Whereas many research agencies and countries have made a major investment in curating, storing and distributing genomic data, fewer repositories exist for primary image data. The Image Data Resource39 maintained by the European Bioinformatics Institute (EBI) is an exception, but as the volume of image data grows, other means of data distribution will almost certainly be required. In the US, in the absence of a major public investment in data storage, the development of “requester pays”40 access to datasets is a promising development.

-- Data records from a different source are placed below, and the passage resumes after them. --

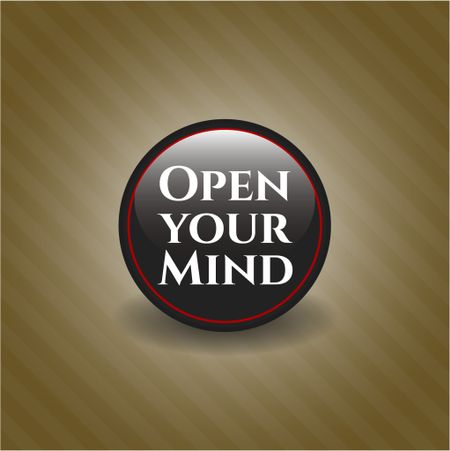 Open your Mind black emblem or badge, retro style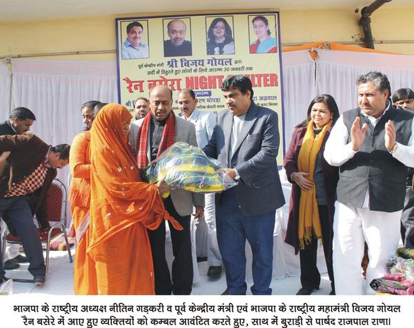 Shri Nitin Gadkari & Shri @vijaygoelbjp distributing blankets to people in Delhi. #YuvaiTV #News #Indiapic.twitter.com/8cWYmQ1a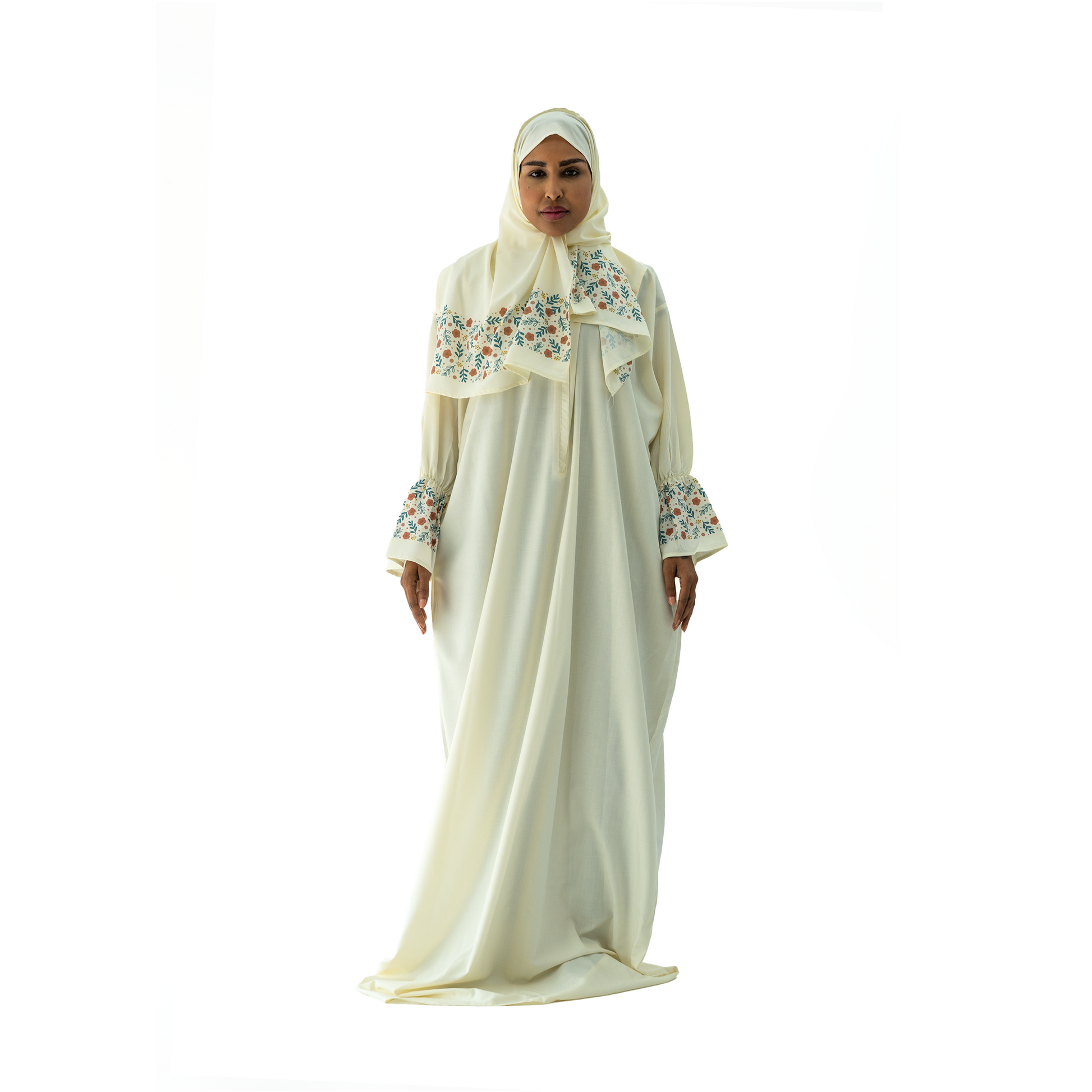 Nusuki’s Printed Prayer Dress blends refined design and elegant prints with soft cotton fabric that keeps you feeling fresh and serene. One-size fit offers full coverage with a length of 170 cm, highlighted by tasteful print details on the cuffs and scarf that add decorative elegance without sacrificing modesty and devotion.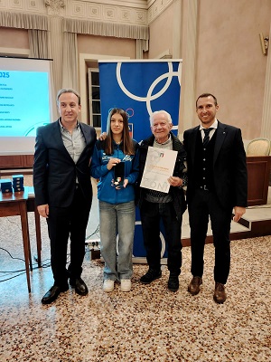 Stella di bronzo al merito sportivo per l'Atletica Pietrasanta Versilia: la Giunta Nazionale del Coni, su proposta della Commissione Benemerenze Sportive, ha assegnato anche all'associazione guidata da Matteo Mattei il prestigioso riconoscimento riservato alle società che sono in attività da almeno vent'anni, in modo continuativo. L'onorificenza è stata consegnata sabato a Lucca, a Palazzo Ducale, alla presenza del delegato provinciale Coni Stefano Pellacani: il team pietrasantino ha ritirato il riconoscimento "schierando", oltre al presidente Mattei, anche il proprio tesserato più longevo, Vinicio Moriconi e la giovane Giulia Remedi, una rappresentanza che ha unito storia, passione e futuro, valori che da sempre guidano il sodalizio sportivo.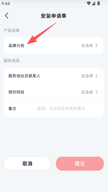 1、进入服务板块,选择安装,填写品牌分类等信息。
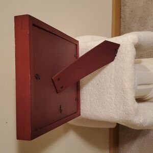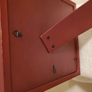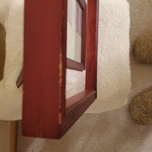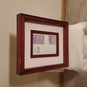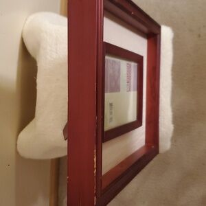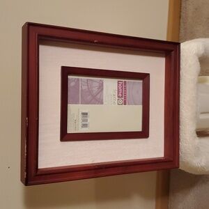 Enhance your decor with this elegant brown photo frame. Perfect for showcasing your cherished memories. Frame holds 4 in x 6 in photo. Brown wood with cream pattern surrounding the smaller frame. New never used but show some small imperfections.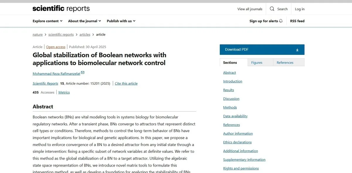 وی اضافه کرد: محمدرضا رفیعمنزلت عضو هیئت علمی گروه برق واحد دولتآباد موفق شد مقالهای با عنوان «Global Stabilization of Boolean Networks with Applications to Biomolecular Network Control» را در نشریه علمی معتبر Scientific Reports به چاپ برساند.

The primary cost associated with the creation and maintenance of a dataset on a commercial cloud service involves data download, not data ingress and storage. In a ‘requester pays’ model, a user seeking access to a dataset pays the cost of data egress directly to the cloud provider, making access both secure and anonymous (moreover, the cost of egress into another account on the same commercial cloud is low). Although this approach might appear to create an impediment to research, the actual cost of egress is quite low (currently, about US $100/TB) compared to any form of data acquisition, and a key goal is to avoid a tragedy of the commons in which frequent, duplicate downloads overwhelm the system. A combination of a MITI implementation on a cloud service (as described above) with ‘requester pays’ cloud access will also make it possible for individuals to distribute very large FAIR image datasets at relatively low cost. Such an approach does not obviate the need for public investments, such as those being made by the EBI, but it does represent a practical way forward for democratizing the release of standardized data—some of which can then be incorporated into publicly supported resources. Regardless, the MITI standard described here is available for immediate use, without being affected by how access to the primary data is provisioned.

Public data and metadata standards have been essential for the success of genomics and other fields of biomedicine, but the creation of a new standard is no guarantee of successful adoption. An outpouring of effort 10–20 years ago led to the development of widely adopted and well-maintained standards such as MIAME11, MIGS12 and MIBBI13, and these have been consolidated and further documented by the Digital Curation Center (https://www.dcc.ac.uk/), FairSharing.org and similar projects. However, many other minimum information projects have been left unattended41, and it remains unclear whether existing metadata adequately conform to user needs42. The development of MITI and of the initial HTAN implementation enjoys NCI support and is expected to become part of the NCI Cancer Research Data Commons27, helping ensure its viability. However, individuals and organizations are invited to join in the further development of MITI and should make contact via the image.sc forum or submit pull requests (that is, requests for inclusion in the MITI ‘code base’ at https://github.com/miti-consortium/MITI). Because high-plex tissue imaging is in its infancy and MITI has attracted the great majority of developers of existing high-plex tissue image acquisition methods, it represents a solid beginning for what will need to be an evolving standard. By having its own repository and governance structure, independent of any particular research program or constituency, MITI also conforms with other requirements of successful open standards43.